NAMED MULTIINDEX LEVELS
Sometimes it’s useful to name the levels of an MultiIndex object. Let’s have a look at the example from the previous part of the series:
import numpy as np
import pandas as pd
# the MultiIndex
a = pd.MultiIndex.from_tuples([('Asia', 2019), ('Asia', 2020), ('Australia', 2019), ('Australia', 2020)])
# the data
data = [100, 200,
150, 250]
# the Series object
s = pd.Series(data, index=a)
s
Although in this example it’s pretty obvious what the two levels are, it’s not always the case. As this Series object already exists, we can use the names attribute to set the names of the levels:
s.index.names = ['continent', 'year']
s
Now it’s even more obvious. You can also name the levels when you create a MultiIndex object. You just have to pass the names argument to the constructor. Let’s create a new MultiIndex to demonstrate this:
# We can use any method. In this example we'll use the from_product method.
p = pd.MultiIndex.from_product([['wild horses', 'boars', 'wolves'], ['Europe', 'Asia', 'North America']],
names=['species', 'region'])
p
# Now let's use the index to create a multi-indexed Series object.

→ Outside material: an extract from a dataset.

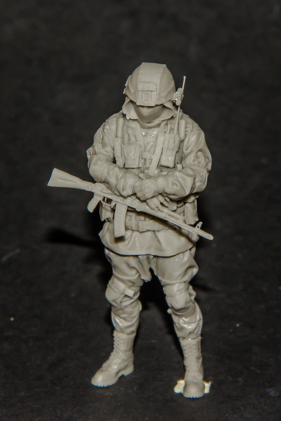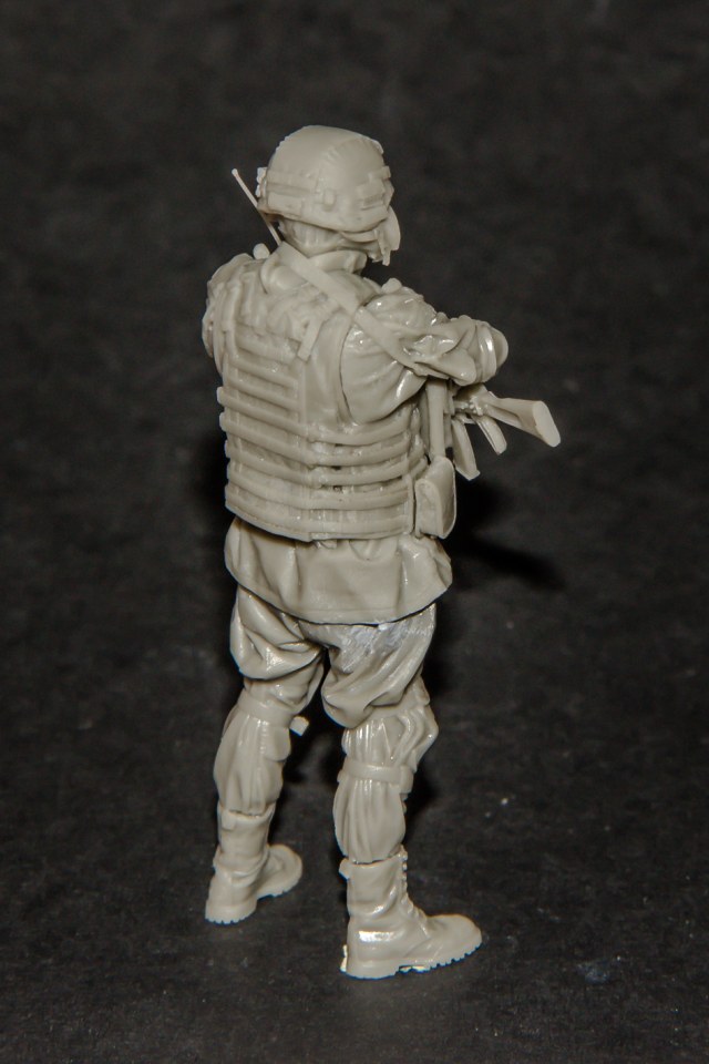 На литнике с АК-74М присутствует легкий облой. Автомат можно вставить между руками и подсумками уже после сборки и окраски фигурки. При этом часть оружейного ремня от левого плеча до цевья получилась достаточно тонкой и ажурной. К сожалению производитель пропустил часть ремня, идущую от правой подмышки к прикладу автомата и моделисту будет необходимо изготовить её самостоятельно.

populations = np.array([1200, 2500, 850,
4900, 5400, 3600,
2100, 1900, 940])
# The populations above are given in thousands of individuals, so let's multiply
# each value by 1000 so that the actual data is displayed.
populations *= 1000
# Here's the Series object.
populations_by_region = pd.Series(populations, index=p)
populations_by_region
That’s it. As you can see, named levels make it easier for us to know what data is represented by each of them. In the next part of the series we’ll be talking about multi-indexed DataFrame columns.